In some school districts, such as D-11 in Colorado Springs, the union assumes membership and takes dues from a teacher’s wages unless the educator jumps through hoops to opt out during a short window of opportunity. The union has never succeeded at getting teachers the wages they deserve, and it typically works against efforts to reward excellence with above-average pay. The only tangible benefit most teachers see for their membership fee is liability insurance to cover lawsuits.
Because of international trade and wondrous new technology, today’s business world is more hyper-competitive than ever. Barriers to entry are low, meaning new companies can challenge older businesses. The older companies must innovate or die. The workforce must be better prepared than ever to compete in markets that guarantee nothing and reward energy, quick thinking and ingenuity. Teachers are trying to respond by creating ever-improving, competitive schools — charter schools and neighborhood schools alike. But the union — stuck in the old world of institutionalized entitlement — gets in the way.

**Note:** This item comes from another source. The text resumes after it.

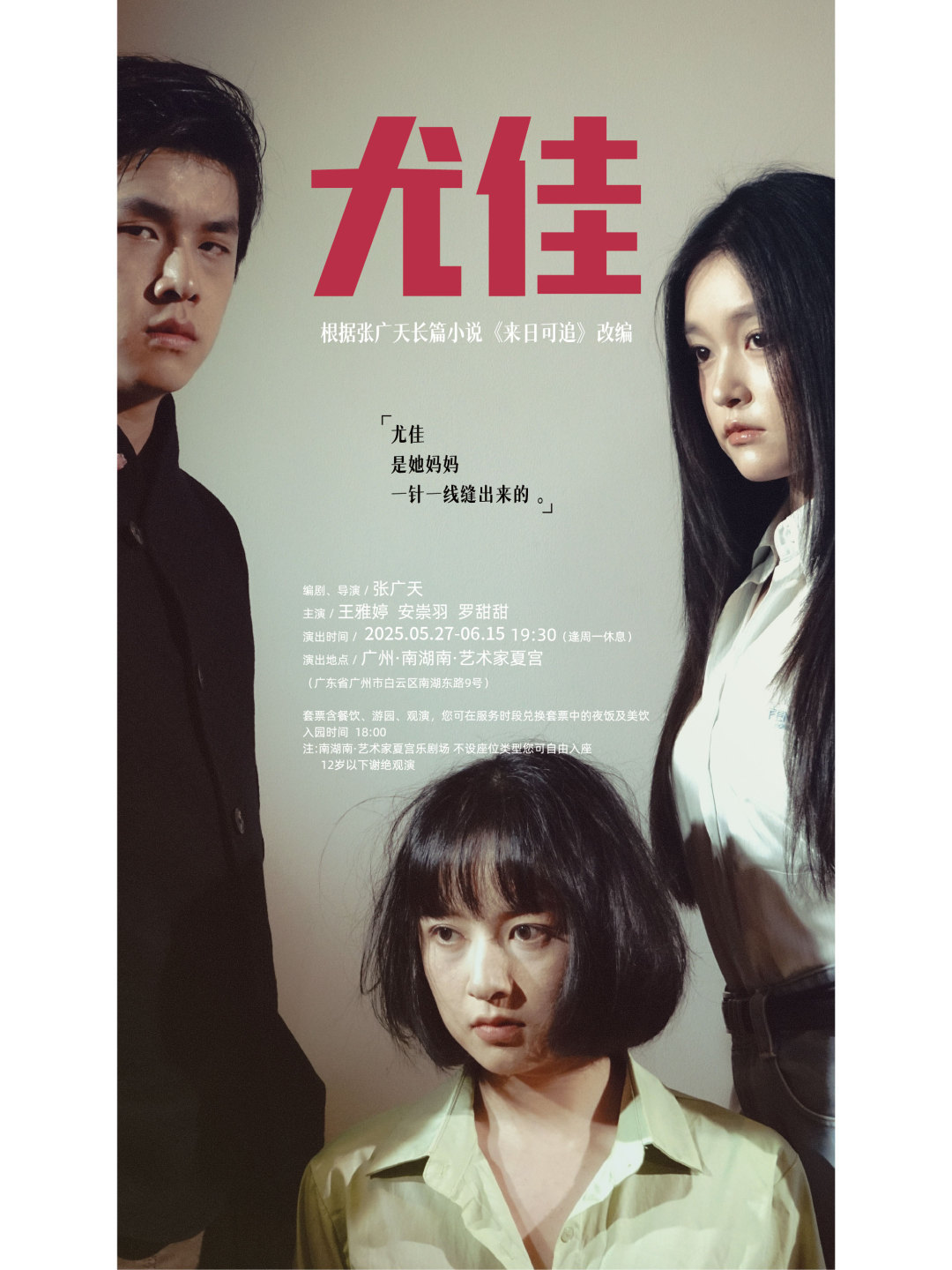 由张广天长篇小说《来日可追》改编的剧作《尤佳》,自4月首轮公演引发热烈反响后,应观众的呼声,5月27日,在南湖南·艺术家夏宫乐剧场开启第二轮演出。这部被田径界“金牌教练”李犁、香港舞台“喜剧之王”詹瑞文及知名演员禤智红盛赞为“精品之作”的戏剧,再度与观众共探命运命题。

Take, for example, the experience of teachers at Denver’s Bruce Randolph Middle School. Principal Kristin Waters and her heroic staff lifted the school in recent years from among the worst in Colorado to one of the best, using what the Rocky Mountain News called “out-of-the-box strategies,” such as refusing to promote students with failing grades.
Realizing the union resisted most innovative measures, Waters and her staff sought to free the school from union rules that were holding it back. For example, they wanted the freedom to determine how much time children should spend in school each day. But the union — supposedly dedicated to the interests of education — balked. Union leaders wanted to maintain control over a variety of everyday decisions at the school, including hiring practices, thus impeding progress.
In addition to maintaining educational mediocrity, the NEA and its affiliates have used the hard-earned money of teachers to fund a variety of endeavors unrelated to education. A report by the U.S. Department of Labor showed the NEA funding Jesse Jackson’s Rainbow PUSH Coalition, People for the American Way, and the Gay and Lesbian Alliance Against Defamation, among an array of other noneducation-related causes.
While thousands of teachers struggle to make ends meet, more than half the NEA’s 600-plus employees and officers earn salaries of six figures and up — wages paid by teachers who typically earn far less than half that much for more important work.
The American Association of Educators, by contrast, is designed for today’s more competitive, progressive schools. It offers teachers twice the liability coverage of the NEA policies, with fees that are less than a third of the union dues. Teachers can pay as they go, and may opt in or out any time. Money collected in excess of the cost of liability coverage pays for continuing education courses offered through major universities — open to members and nonmembers alike. None of the money goes to fund activism or political lobbyists.
Colorado teachers have been choosing the Association of American Educators over the union in such numbers that the organization opened its own Colorado chapter last year, known as PACE — the Professional Association of Colorado Educators (www.coloradoteachers.org). Still, few teachers know about it. That’s because local NEA chapters have worked hard to prevent PACE representatives from distributing literature in schools or setting up tables at teacher orientation functions and benefit fairs. At one school in the Harrison School District of Colorado Springs, CEA representatives physically blocked a hallway to prevent teachers from reaching the PACE table.
The NEA is yesterday’s union, with no place in the cutting edge classroom. To usher in a new era, introduce teachers to the Association of American Educators and its local branch, PACE — a non-coercive association designed around modern educational needs. Young minds are too important for an outdated union to waste.